=== LISTED RECORDS ===

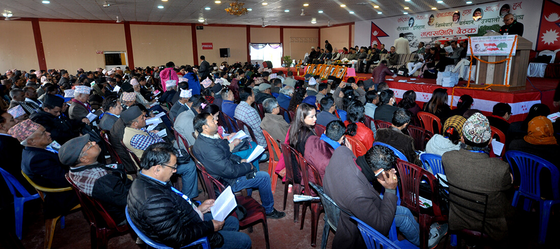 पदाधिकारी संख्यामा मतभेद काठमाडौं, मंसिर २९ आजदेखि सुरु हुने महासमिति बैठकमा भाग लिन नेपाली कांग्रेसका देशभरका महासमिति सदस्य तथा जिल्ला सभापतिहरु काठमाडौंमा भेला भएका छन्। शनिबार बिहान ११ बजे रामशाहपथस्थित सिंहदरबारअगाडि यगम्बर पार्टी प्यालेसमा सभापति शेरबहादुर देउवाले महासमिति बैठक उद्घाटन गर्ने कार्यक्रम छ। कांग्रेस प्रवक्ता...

===
=== LISTED RECORDS ===

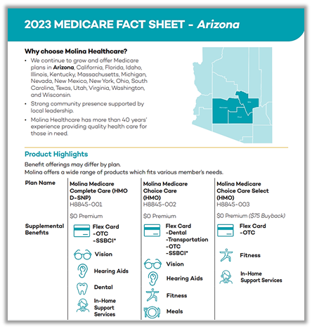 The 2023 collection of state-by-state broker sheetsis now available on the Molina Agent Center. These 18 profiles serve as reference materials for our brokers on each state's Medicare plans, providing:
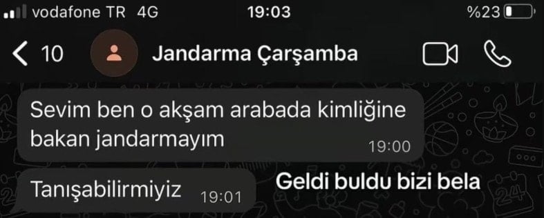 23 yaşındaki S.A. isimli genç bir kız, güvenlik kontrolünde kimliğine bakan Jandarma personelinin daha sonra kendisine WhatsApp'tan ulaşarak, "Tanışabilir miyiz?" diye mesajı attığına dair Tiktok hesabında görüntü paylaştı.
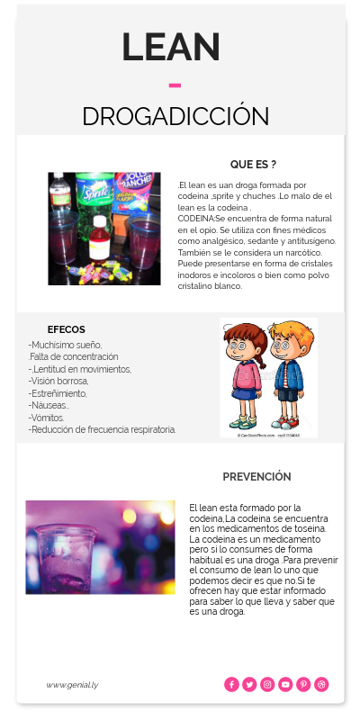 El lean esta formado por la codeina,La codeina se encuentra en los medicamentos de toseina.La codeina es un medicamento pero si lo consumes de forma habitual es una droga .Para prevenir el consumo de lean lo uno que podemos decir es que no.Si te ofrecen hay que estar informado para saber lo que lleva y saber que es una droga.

===

YOUR INSTRUCTIONS. When copying from the data above, begin at the line containing "The 2023 collection" and end at the line containing "El lean esta"; return those lines exactly and leave all pictures behind.

TASK ANSWER.
 The 2023 collection of state-by-state broker sheetsis now available on the Molina Agent Center. These 18 profiles serve as reference materials for our brokers on each state's Medicare plans, providing:
 23 yaşındaki S.A. isimli genç bir kız, güvenlik kontrolünde kimliğine bakan Jandarma personelinin daha sonra kendisine WhatsApp'tan ulaşarak, "Tanışabilir miyiz?" diye mesajı attığına dair Tiktok hesabında görüntü paylaştı.
 El lean esta formado por la codeina,La codeina se encuentra en los medicamentos de toseina.La codeina es un medicamento pero si lo consumes de forma habitual es una droga .Para prevenir el consumo de lean lo uno que podemos decir es que no.Si te ofrecen hay que estar informado para saber lo que lleva y saber que es una droga.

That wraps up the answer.